===== Dataset records =====
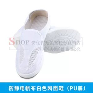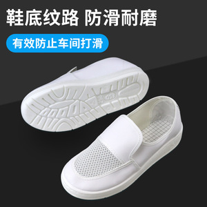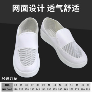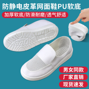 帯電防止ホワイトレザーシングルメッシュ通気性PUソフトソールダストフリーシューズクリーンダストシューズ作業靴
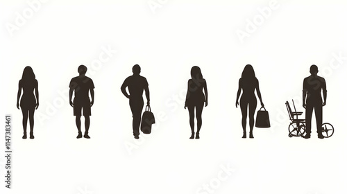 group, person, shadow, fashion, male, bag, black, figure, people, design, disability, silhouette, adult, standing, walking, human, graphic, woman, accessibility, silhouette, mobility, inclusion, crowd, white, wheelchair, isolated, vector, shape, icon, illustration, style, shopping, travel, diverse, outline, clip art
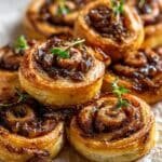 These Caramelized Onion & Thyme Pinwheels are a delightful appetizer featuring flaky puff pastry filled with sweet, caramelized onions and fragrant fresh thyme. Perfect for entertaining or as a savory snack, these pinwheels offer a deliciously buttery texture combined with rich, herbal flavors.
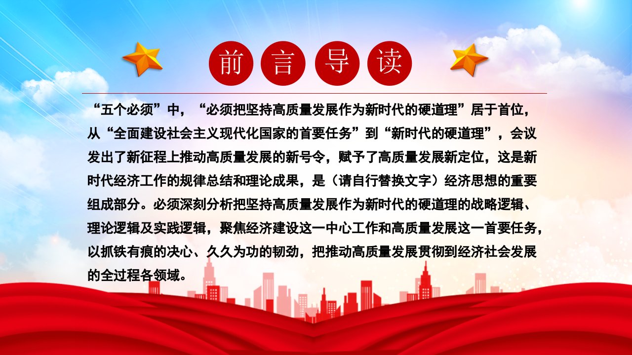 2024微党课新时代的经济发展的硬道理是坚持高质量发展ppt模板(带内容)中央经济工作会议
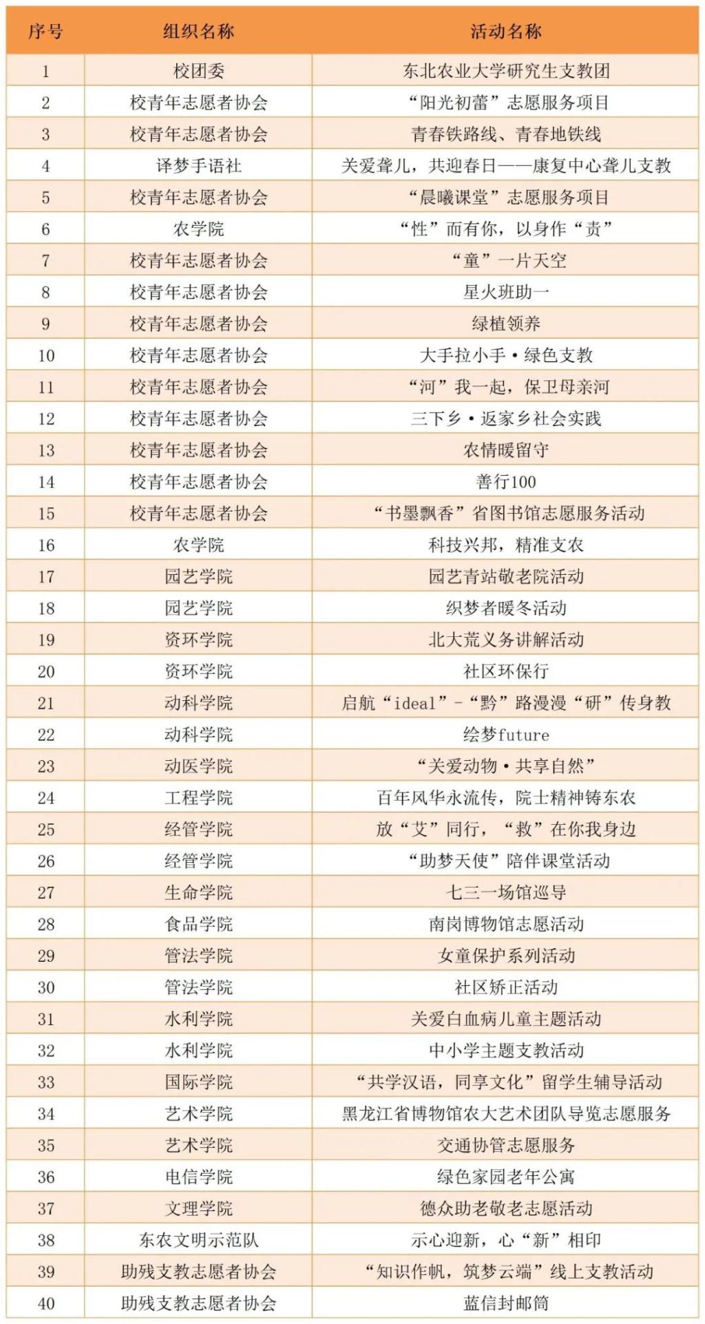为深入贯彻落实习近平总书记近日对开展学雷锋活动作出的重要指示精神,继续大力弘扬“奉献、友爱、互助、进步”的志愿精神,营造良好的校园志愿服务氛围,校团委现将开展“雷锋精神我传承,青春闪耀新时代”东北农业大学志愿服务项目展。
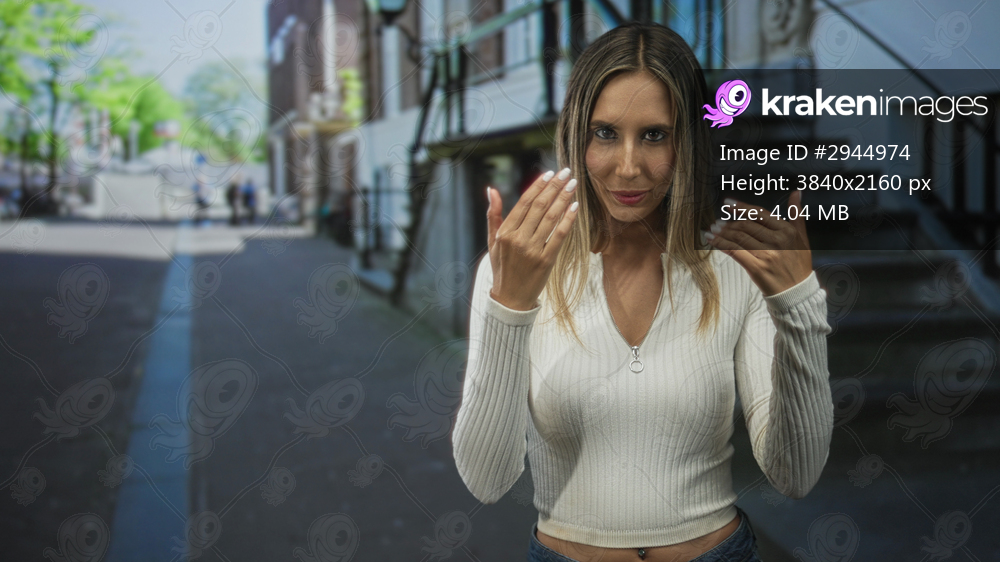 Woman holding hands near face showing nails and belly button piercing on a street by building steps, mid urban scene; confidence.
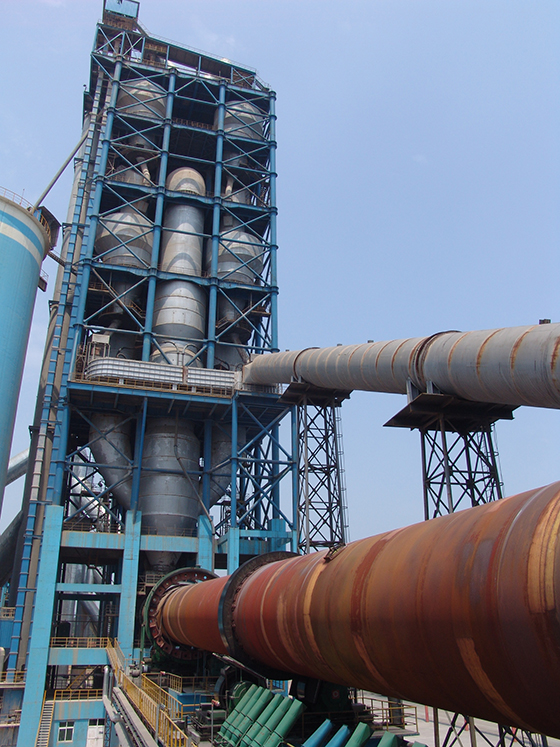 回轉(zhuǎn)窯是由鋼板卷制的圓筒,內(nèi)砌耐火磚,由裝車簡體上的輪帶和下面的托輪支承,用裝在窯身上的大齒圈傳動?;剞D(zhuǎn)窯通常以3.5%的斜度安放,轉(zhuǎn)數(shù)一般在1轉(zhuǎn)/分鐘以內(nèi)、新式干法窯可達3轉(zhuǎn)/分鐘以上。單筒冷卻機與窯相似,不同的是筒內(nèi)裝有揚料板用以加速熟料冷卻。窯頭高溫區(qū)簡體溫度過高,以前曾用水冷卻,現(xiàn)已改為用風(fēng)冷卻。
=====
§ **Assignment**: Repeat the records above exactly, without any pictures.

§ **Solution for this exercise**:
 帯電防止ホワイトレザーシングルメッシュ通気性PUソフトソールダストフリーシューズクリーンダストシューズ作業靴
 group, person, shadow, fashion, male, bag, black, figure, people, design, disability, silhouette, adult, standing, walking, human, graphic, woman, accessibility, silhouette, mobility, inclusion, crowd, white, wheelchair, isolated, vector, shape, icon, illustration, style, shopping, travel, diverse, outline, clip art
 These Caramelized Onion & Thyme Pinwheels are a delightful appetizer featuring flaky puff pastry filled with sweet, caramelized onions and fragrant fresh thyme. Perfect for entertaining or as a savory snack, these pinwheels offer a deliciously buttery texture combined with rich, herbal flavors.
 2024微党课新时代的经济发展的硬道理是坚持高质量发展ppt模板(带内容)中央经济工作会议
为深入贯彻落实习近平总书记近日对开展学雷锋活动作出的重要指示精神,继续大力弘扬“奉献、友爱、互助、进步”的志愿精神,营造良好的校园志愿服务氛围,校团委现将开展“雷锋精神我传承,青春闪耀新时代”东北农业大学志愿服务项目展。
 Woman holding hands near face showing nails and belly button piercing on a street by building steps, mid urban scene; confidence.
 回轉(zhuǎn)窯是由鋼板卷制的圓筒,內(nèi)砌耐火磚,由裝車簡體上的輪帶和下面的托輪支承,用裝在窯身上的大齒圈傳動?;剞D(zhuǎn)窯通常以3.5%的斜度安放,轉(zhuǎn)數(shù)一般在1轉(zhuǎn)/分鐘以內(nèi)、新式干法窯可達3轉(zhuǎn)/分鐘以上。單筒冷卻機與窯相似,不同的是筒內(nèi)裝有揚料板用以加速熟料冷卻。窯頭高溫區(qū)簡體溫度過高,以前曾用水冷卻,現(xiàn)已改為用風(fēng)冷卻。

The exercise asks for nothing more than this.